**Task description**.
The finished copy should hold every entry exactly as given, and no pictures.

**Information supplied**.
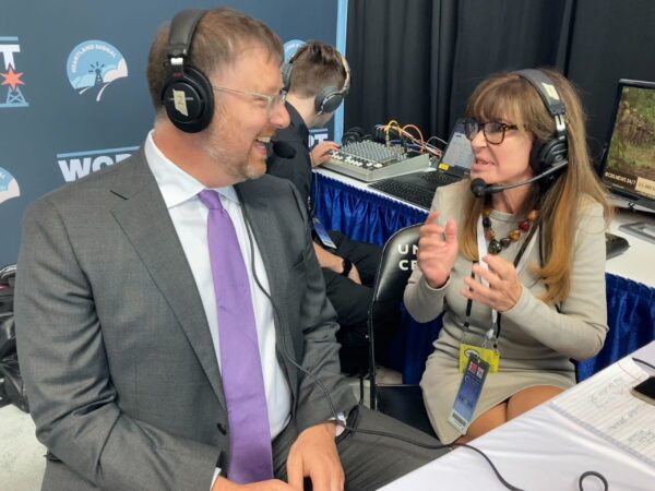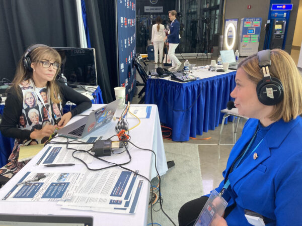 Joan talks to U.S. Sen. Tina Smith (D-MN).
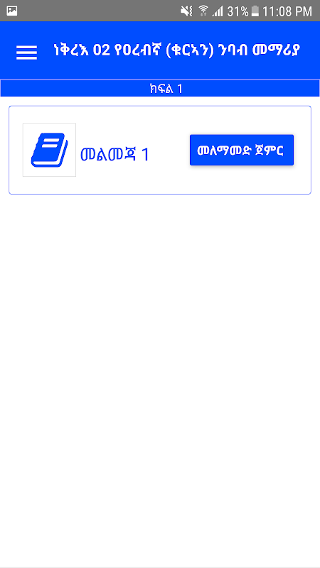 አፕልኬሽኑ በቅድሚያ የአማርኛ ፊደላት እንቅስቃሴን በ ክፍል 1 ያስተምራል።
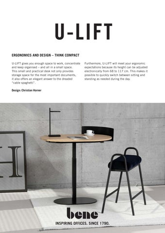 U-LIFT gives you enough space to work, concentrate and keep organised – and all in a small space. This small and practical desk not only provides storage space for the most important documents, it also offers an elegant answer to the dreaded “cable spaghetti”.
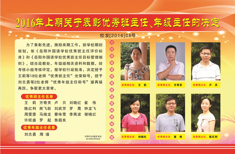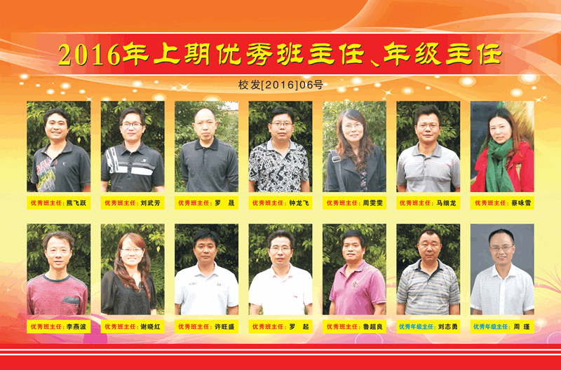 2016年上期优秀班主任、年级主任
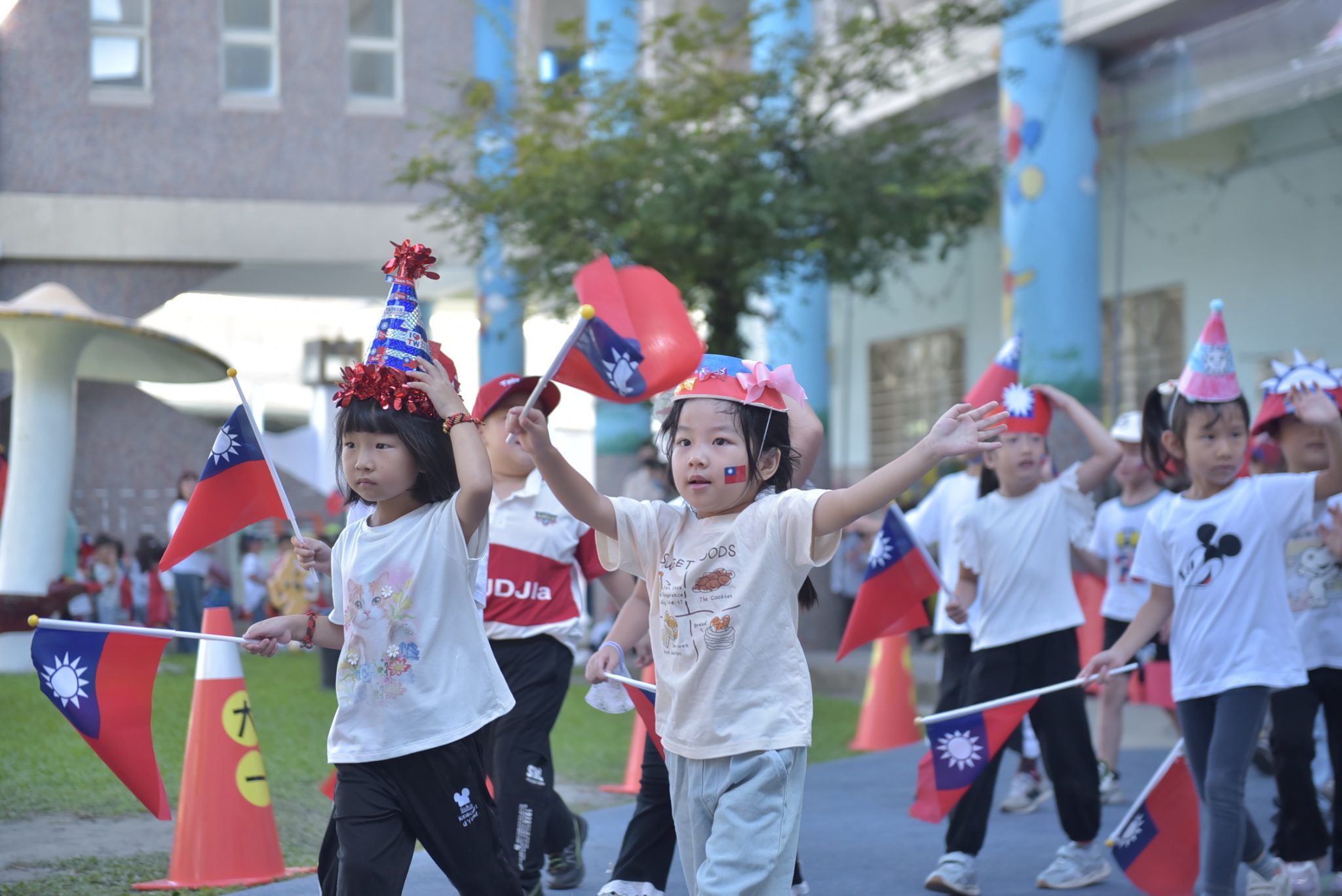 國慶日前夕,花蓮市立幼兒園今 (9)舉辦「雙十國慶」慶祝活動,透過升旗典禮、cosplay三軍進場表演及體能挑戰等方式,讓幼兒在歡樂中認識國慶意義,而幼童也齊聲歡呼:「中華民國生日快樂!」
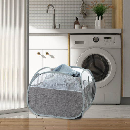 Folding Laundry Basket Breathable Hamper Basket for Bathroom 90L Gray
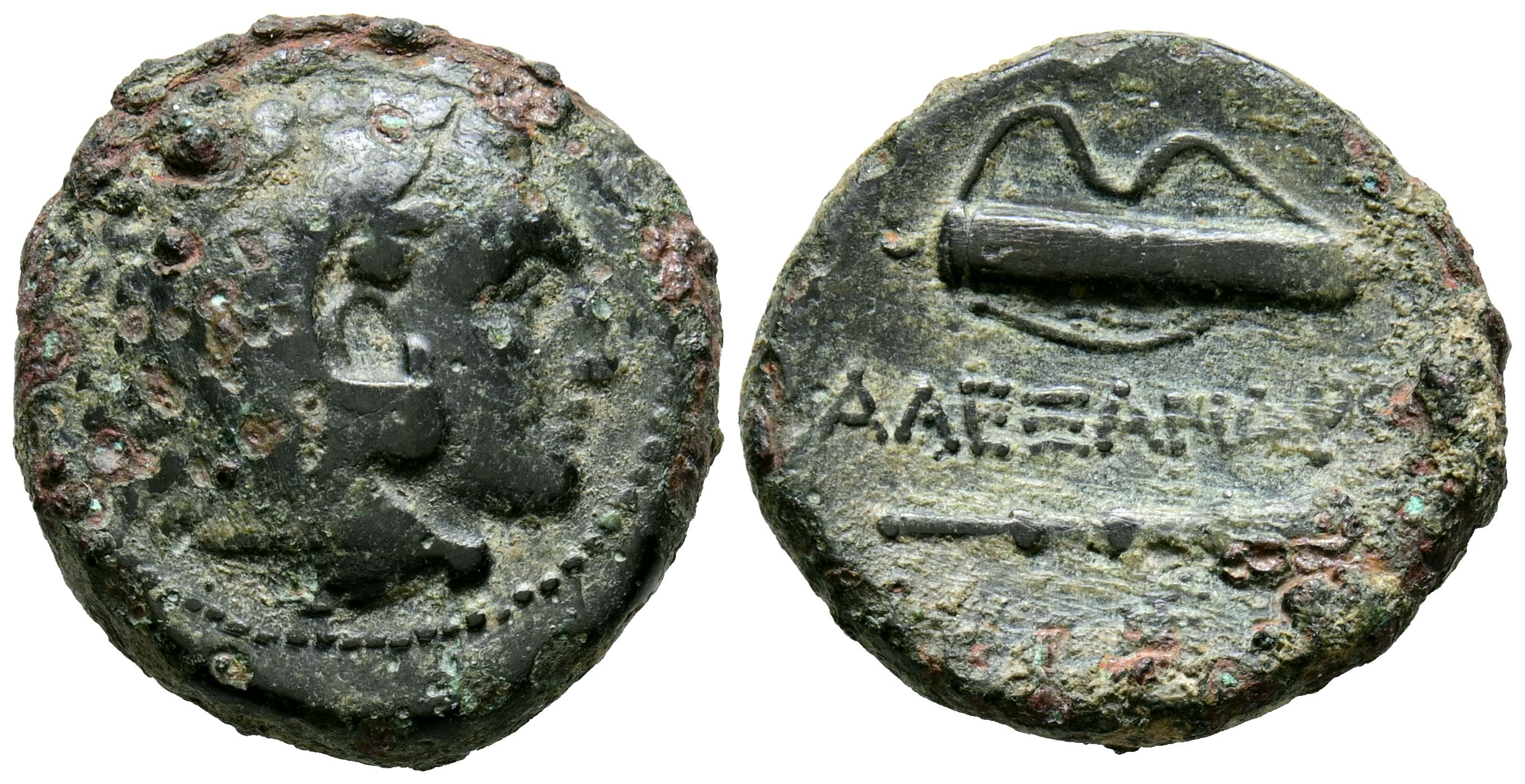 REYES DE MACEDONIA, Alejandro III el Grande. Ae20. (Ae. 5,57g/20mm). 336-323 a.C. Ceca incierta. (Price 266; HGC 3.1, 925a). Anv: Cabeza de Hércules con piel de león a derecha. Rev: Leyenda griega: AΛΕΞΑΝΔΡOY, entre mazo y arco con carcaj. MBC. Oxida ciones.

**Exercise answer**.
 Joan talks to U.S. Sen. Tina Smith (D-MN).
 አፕልኬሽኑ በቅድሚያ የአማርኛ ፊደላት እንቅስቃሴን በ ክፍል 1 ያስተምራል።
 U-LIFT gives you enough space to work, concentrate and keep organised – and all in a small space. This small and practical desk not only provides storage space for the most important documents, it also offers an elegant answer to the dreaded “cable spaghetti”.
 2016年上期优秀班主任、年级主任
 國慶日前夕,花蓮市立幼兒園今 (9)舉辦「雙十國慶」慶祝活動,透過升旗典禮、cosplay三軍進場表演及體能挑戰等方式,讓幼兒在歡樂中認識國慶意義,而幼童也齊聲歡呼:「中華民國生日快樂!」
 Folding Laundry Basket Breathable Hamper Basket for Bathroom 90L Gray
 REYES DE MACEDONIA, Alejandro III el Grande. Ae20. (Ae. 5,57g/20mm). 336-323 a.C. Ceca incierta. (Price 266; HGC 3.1, 925a). Anv: Cabeza de Hércules con piel de león a derecha. Rev: Leyenda griega: AΛΕΞΑΝΔΡOY, entre mazo y arco con carcaj. MBC. Oxida ciones.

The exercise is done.